AFM-SPM / TopoStats

An AFM image analysis program to batch process data and obtain statistics from images
https://afm-spm.github.io/TopoStats/
GNU Lesser General Public License v3.0
57 stars 10 forks source link

Remove saving of gaussian filtered arrays to .npy files #804

Closed ns-rse closed 7 months ago

ns-rse commented 7 months ago

Closes #802

Arrays and data are now saved in HDF5 files (#790) and so .npy arrays are somewhat redundant. This PR leaves the io.save_array() function in place should interactive use require saving of arrays but removes its use from topostats.processing.run_filters() so that the .npy files are no longer saved to disk.

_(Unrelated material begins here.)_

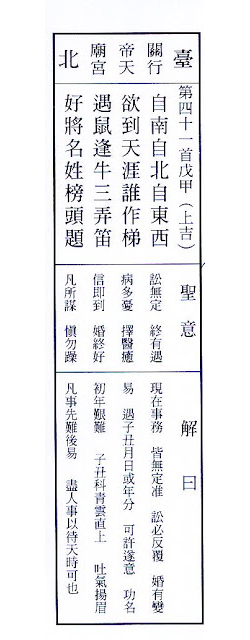 行天宮解籤詩 第四十一籤【上吉。戊甲】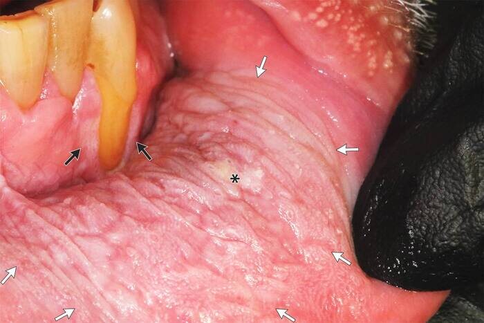 55-Летний мужчина с 40-летним стажем употребления бездымного табака был направлен в клинику стоматологии для обследования по поводу белого пятна на внутренней стороне левой губы. Пятно было бессимптомным и в течение многих лет оставалось на том месте, куда он клал табак. При физикальном осмотре на внутренней стороне левой губы был обнаружен бархатистый, покрытый трещинами участок слизистой оболочки с небольшой язвочкой в центре (звездочка). При растяжении этот участок слизистой оболочки губ образует мешочек (обозначен белыми стрелками). Также были отмечены коричневое обесцвечивание зубов и рецессия десен, граничащая с лейкоплакией (черные стрелки). Был поставлен диагноз "кератоз от употребления бездымного табака", также известный как кератоз от жевательного табака. Кератоз от употребления бездымного табака возникает, когда в месте контакта с табаком образуется утолщенный слой кератина. Это новообразование может быть связано с повышенным риском развития рака полости рта, поэтому необхо

Users wishing to access processed data should load it from the HDF5 formatted .topostats files that are saved during processing.

codecov[bot] commented 7 months ago

Codecov Report

All modified and coverable lines are covered by tests :white_check_mark:

Comparison is base (de3ac4b) 84.73% compared to head (ae1334d) 84.72%. Report is 50 commits behind head on main.

Additional details and impacted files ```diff @@ Coverage Diff @@ ## main #804 +/- ## ========================================== - Coverage 84.73% 84.72% -0.01% ========================================== Files 21 21 Lines 3196 3195 -1 ========================================== - Hits 2708 2707 -1 Misses 488 488 ```

:umbrella: View full report in Codecov by Sentry.
:loudspeaker: Have feedback on the report? Share it here.

ns-rse commented 7 months ago

Thanks.

Just a small best practice question though - is it typical for a library to have it's own save function like this even though it's basically a wrapper for another library's function (numpy)?

Depends, by making it a wrapper you can add more functionality to a small atomic function (save_array()) and keep it focused on doing one thing and one thing alone, then update the call you make to it from elsewhere in the code base. For example if there is a labelled image but you wanted to convert to a mask for all objects (ignoring the fact we already have these available!) then you could add an option to the def save_array(..., mask: bool = False) and have it call whatever function is used for masking. Then in a place during processing where you do want to mask before saving you would add bool = True and be done. Of course you could do the masking as a step in the processing before calling save_array() but over time the steps in processing would grow and grow (its already pretty long) and so my preference is to add options in this manner.

This is pretty much what has been done with all the refactoring, breaking long chunks of code into smaller functions with options that are then called. It might seem faff when there is no immediate benefit but further down the line it makes it easier to extend functionality I think.